“She who was once called Sparrow, now Lady and Ruler of the lands of Riverbarrow and honored by the title of Arrow.”
“She will have to pay her tribute to me,” Coppertomb said, hand drifting to the sword hanging from his waist.
“There will be no need for that,” Bluebeard said, waving a hand. “She has already repaid her king tenfold.”
“And yet I see no largess in my coffers,” Coppertomb said, snapping a finger as a pair of winged Wittenbrand scurried to stand his throne back on its feet.
Though he was diminished in his mortal garb — and so were the rest of the Wittenbrand, I was conscious, suddenly, that we were surrounded. His court closed in slowly. They were armed — with any mortal weapons that weren’t iron, but armed all the same. And there were thousands of them.
With the music abruptly ended, and the swirling bubbles and petals falling to the ground, with the eating and laughing paused, they seemed quite threatening. I looked around as subtly as I could as my husband led me closer still to his shadowed rival.
The Wittenbrand had been eating and drinking. And as was common for them at these events, there were some bearing bloody wounds and others with red-tinged blades. Some ran naked through the crowd laughing or growling. Some rode mortal beasts — tigers and boars who tore at any in their path, horses, of course, but also the grand fable elephantas of the jungle lands and the dusky camels of the deserts. And they bore on their persons trophies from the many lands the animals represented. Crown Jewels. Scepters. Prized pieces of armor and coronets.
I was looking, I realized, at a raiding party. But not a raiding party as I was used to in the mortal world, a raiding party that hadravagedthe mortal world and rallied here with their slaves and plunder to spend a night in evil and debauchery.
And while I was not surprised at all to see that they were doing exactly as I expected Wittenbrand to do I was very surprised to find one notable person missing.
“Where is Grosbeak?” I asked aloud.
Coppertomb shot me an irritated look as he shifted, trying to move out of Bluebeard’s shadow without being caught at it. My husband shifted with him, keeping the shadow in place, but the movement shed light on the figure standing to the left of Coppertomb’s throne.
A centaur with a rotting yellow face and lank hair regarded me balefully.
“You ask, ‘Where is Grosbeak?’ but where were you when I was forced to wander the lands of Death bereft and alone?” he said, and for a moment I thought he hissed at me, but it turned out it was only a giant black mamba creeping down Coppertomb’s statue and spooling around the base of it who was hissing, and when it thrust its head forward, Coppertomb placed a hand possessively on its head.
“I have many pets, mortal woman. Grosbeak is only one of them,” Coppertomb said “And I fear you are too late. You were to come to my Coronation Ball.”
“As I have,” I interrupted. “And my dead is raised.”
“Not by your power,” Coppertomb said, smiling now as if he had won.
“He is not buried beneath the ground.”
“But he was, wasn’t he?” Coppertomb said smoothly. “And what was my ruling? That you, bride of the dead, would give yourself to me at the Coronation Ball.”
“I cannot give you what I no longer possess.”
“You were to be my bride.”
“I am already married to another.”
He laughed then. “At one time, such an objection might have stymied me, but I have now a worthy advisor. Your own friend and confidante. Is it not so, Grosbeak?”
And his gaze flicked to my old friend and mine turned to horror as I realized that Grosbeak was sweating so much that his face seemed to be malforming like hot wax.

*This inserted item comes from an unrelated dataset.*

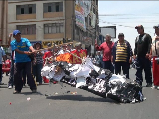 La protesta de los docentes huelguistas del Sute-Santa se agudiza. Esta vez los profesores quemaron un ataúd con las siglas del Comité Ejecutivo Nacional (CEN) en la intersección de las avenidas Gálvez y Pardo del centro de la ciudad de Chimbote.
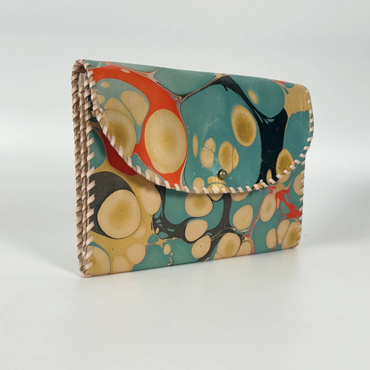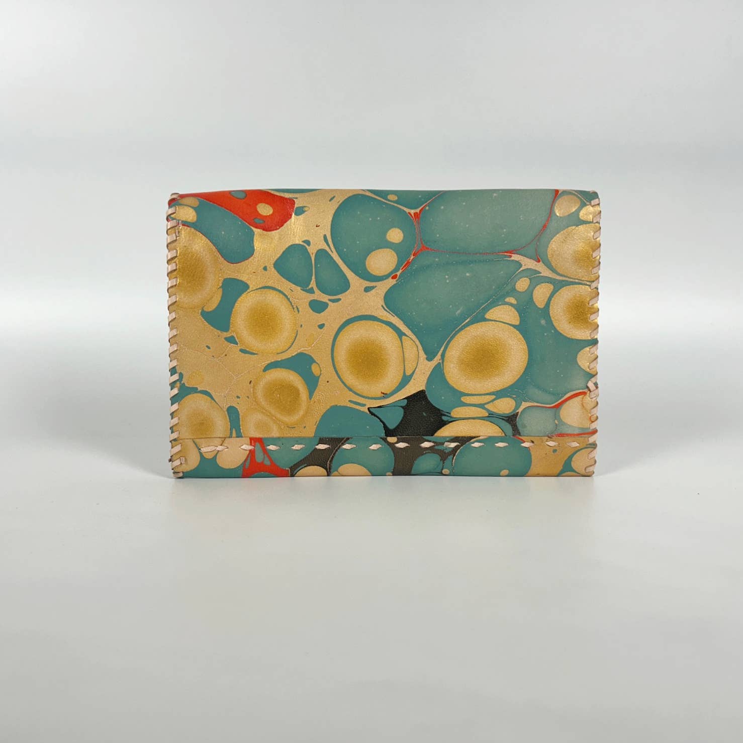 Artisan Handmade clutch with cotton lining. Made with handpainted marbled leather. Handstitched using leather strips creating beautiful whipstitch detailing. Button closure , 2 compartments,1 zipper pocket Size: 8"x 5.5". Can be customised by adding wristlet/crossbody belt

“Feeling the effects of a geas, horrible revenant?” Bluebeard asked quietly, his fingers steepled under his chin as if he were considering something.

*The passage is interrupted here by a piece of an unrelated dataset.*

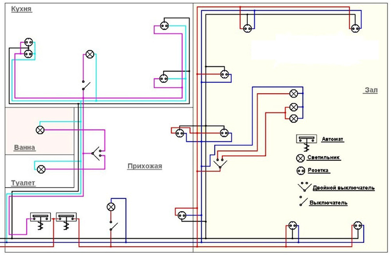 Tout d'abord, comme dans les travaux électriques ordinaires, un plan est créé pour la pose des câbles et l'emplacement des principaux éléments des équipements électriques.Pour ce faire, vous devez disposer d'un plan d'appartement à grande échelle ou d'un plan d'étage d'une maison privée. Il marque les emplacements des appareils d'éclairage, des interrupteurs et des prises, en tenant compte de l'emplacement des appareils électriques fixes et des meubles.
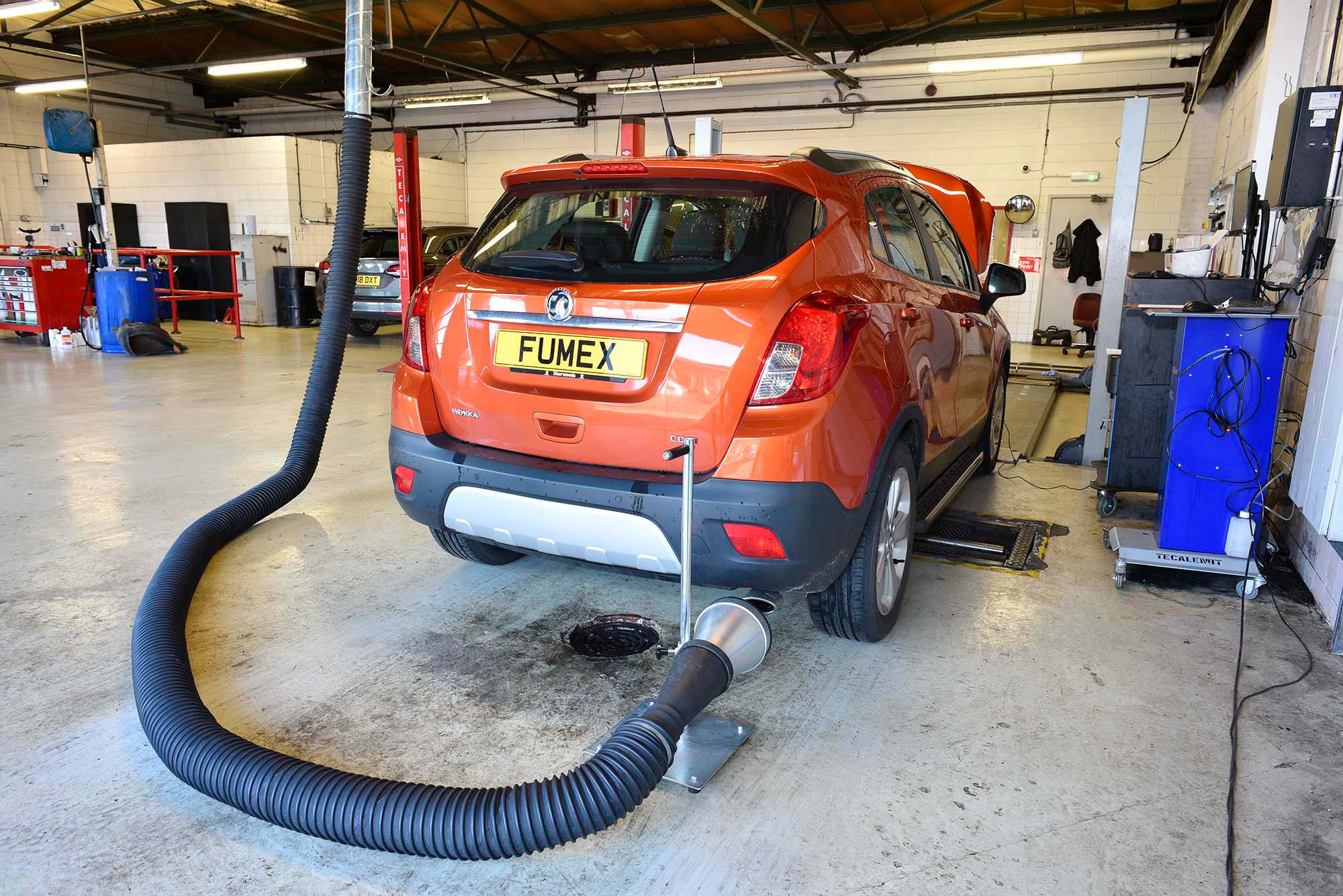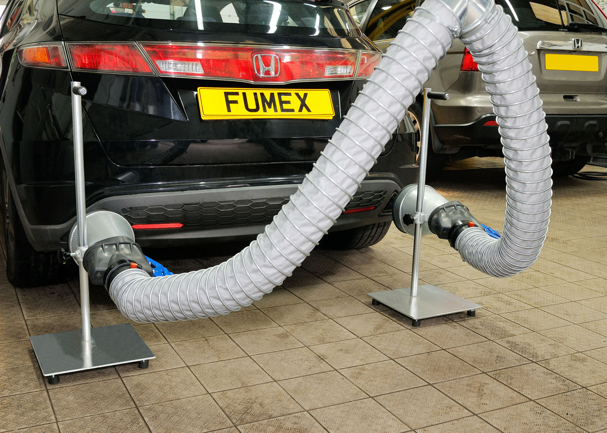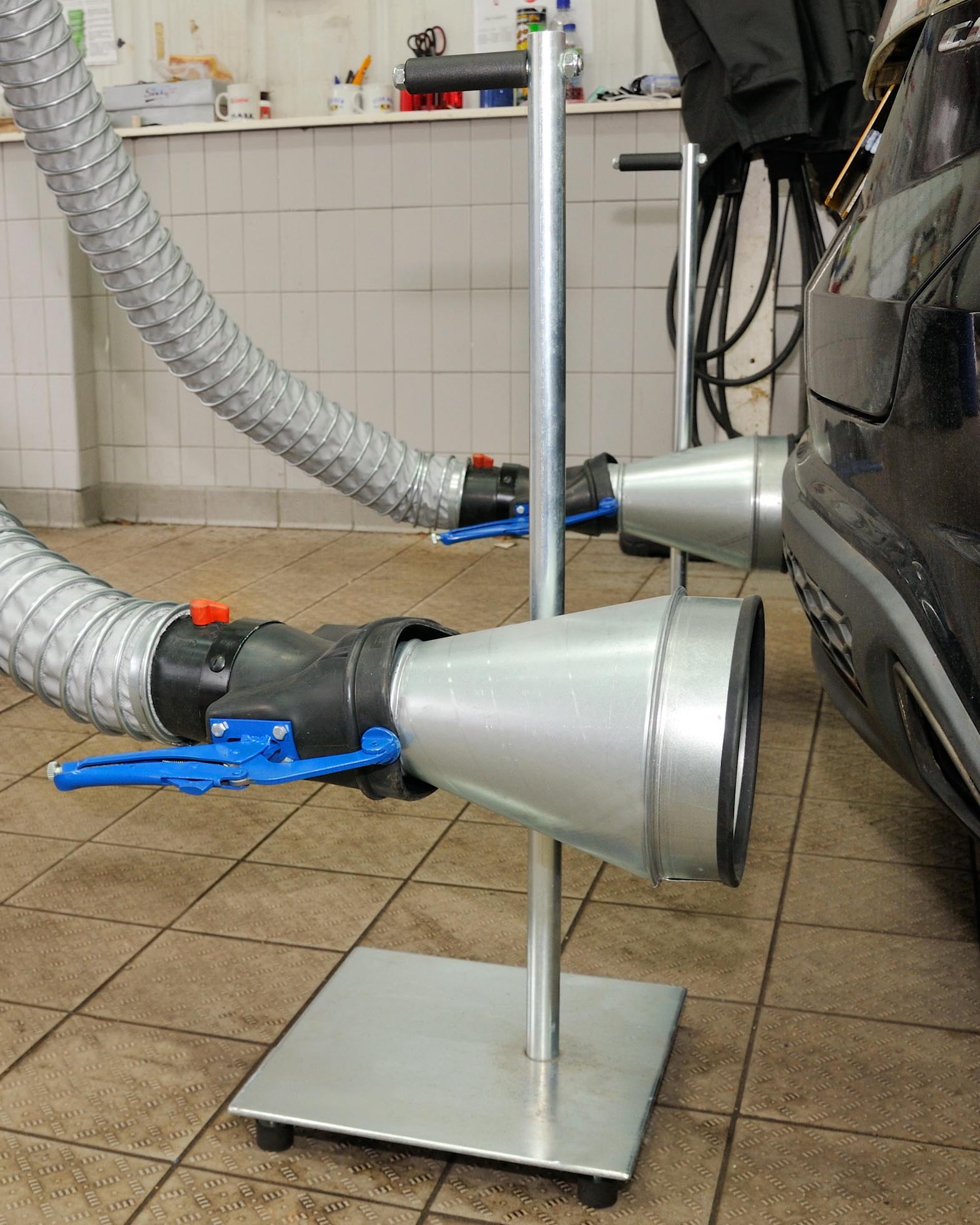 The Fumex Ltd Free-Standing Cone Nozzle can be used in many automotive applications, including MOT bays. The sturdy base is fitted with rubber feet to prevent movement when connected to the extraction system. Your existing extraction nozzle will simply clamp (or push fit) onto the rear of the cone and it’s ready to use.

“I feel them,” Grosbeak said and I swallowed because I remembered the geas Bluebeard had put on him — that if he betrayed me, he would feel the effects of his betrayal in his own flesh. Was that what was happening now? But how, then, had he betrayed me?
And then I saw her step from the shadow. Ki'e'iren. Her eyes were narrowed and she smiled cruelly when they met mine. I felt my blood run cold as ice.
“I have found one who has a prior claim,” Copeprtomb said, and his smile slowly grew as around us the silent Wittenbrand began to murmur in delight, and then — like an avalanche, a murmur grew to a chuckle and it turned to the kind of wicked laughter that takes its delight from cruel turnabout.
“But she was returned to her time,” I said, feeling suddenly lightheaded. This woman had tried to kill me once — had, in fact, succeeded — and that was when she could benefit from my survival. How much more likely was she to try to kill me now?
“And offered a chance a second time to wed a bright Wittenbrand and live the life of grandeur promised her,” Coppertomb said smoothly, and his smile was growing by the moment. He reached up and adjusted his crown with a look of triumph in his eyes. “Will you deny, Arrow, that she is your wife?”
“That’s no longer my name,” Bluebeard said slowly, but his expression was considering and he tapped his steepled fingers to his chin as if in thought.